Yet people LOVE the summer. They love it like their first born. They go about their day as if the sun isn't chillin' on your shoulder daring them to stay out another 15 minutes. I seen this guy walking around in a black hoodie....zipped up all the way up....with jeans and boots. And it made me realize that I could lose weight if only I could commit beyond jeans and timberland boots in the summer.

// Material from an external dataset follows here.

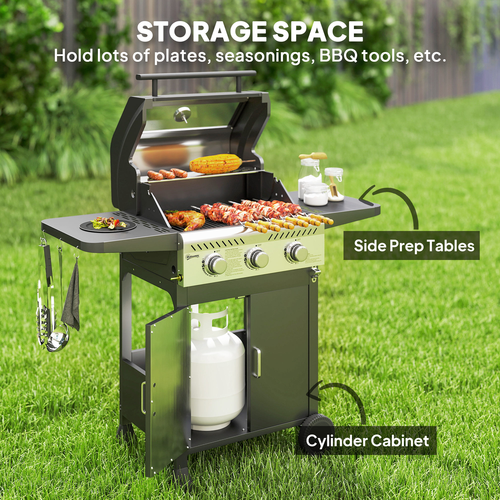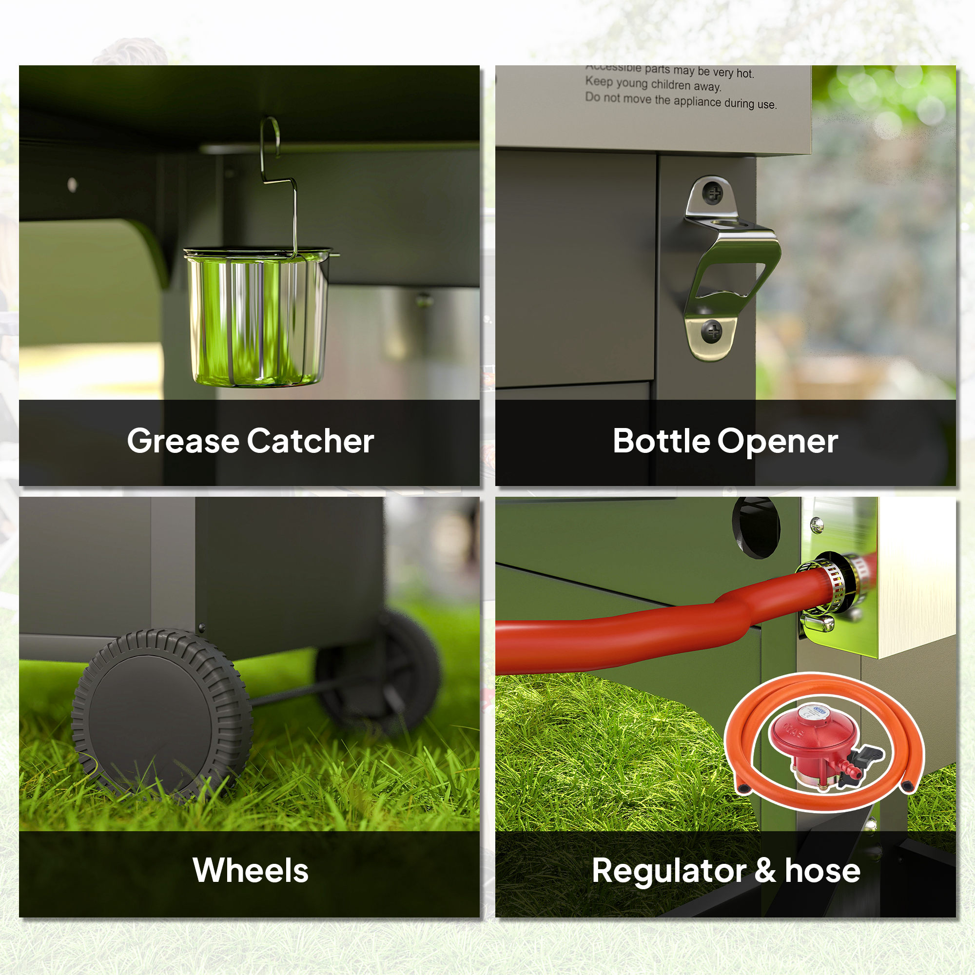 Fire up your outdoor feasts with this three-burner gas bbq. The 2378 cm² grilling area is spacious enough for cooking for roughly 5-10 people, with a warming rack to keep food warm when cooked. With a see-through panel on the lid to see inside easily, completed with a thermometer to keep the inner temperature in check.

I think I've always hated summer. Even as a kid, summer break was never fun. I was always forced to go to summer school (which was crafted by the antichrist himself I'm convinced) or the Boys and Girls Club. Summer school is pretty self explanatory as to why it sucks but the Boys and Girls Club was a special kind of suck. Sure you get to play pool and do arts and crafts...but the kids....my god the kids....they were tyrants! I couldn't wait to get back to regular school where the guys were only petty thugs and the girls were prettier. lol
My birthday falls in July and I would still happily skip every one for the rest of my life. Every single possible gift (which let's face it, I'm a grown man with kids...there's a good chance that's the case anyway) for the rest of my life.
I invite you to provide me with upsides to summer. I guarantee that I'll have an equally if not a worse negative counterpoint. Go ahead.....I'll wait...
Barbecues? Seriously...who the fuck thought it would be a good idea to cook over a bonfire when it's the hottest time of the year?
Summer Blockbusters? A new shitty Will Smith Movie.
Vacation days? Teenagers loitering in public places.
Swimming Pools? Pee and Chlorine in your mouth and eyes.
MLB All Star Weekend? MLB All Star Weekend.
Girls in Bikinis? Herpes Simplex.
You guys have fun with alllll that....Here's my idea of a good summer.
Oh yeah.....Summer can eat a big fat veiny D*CK!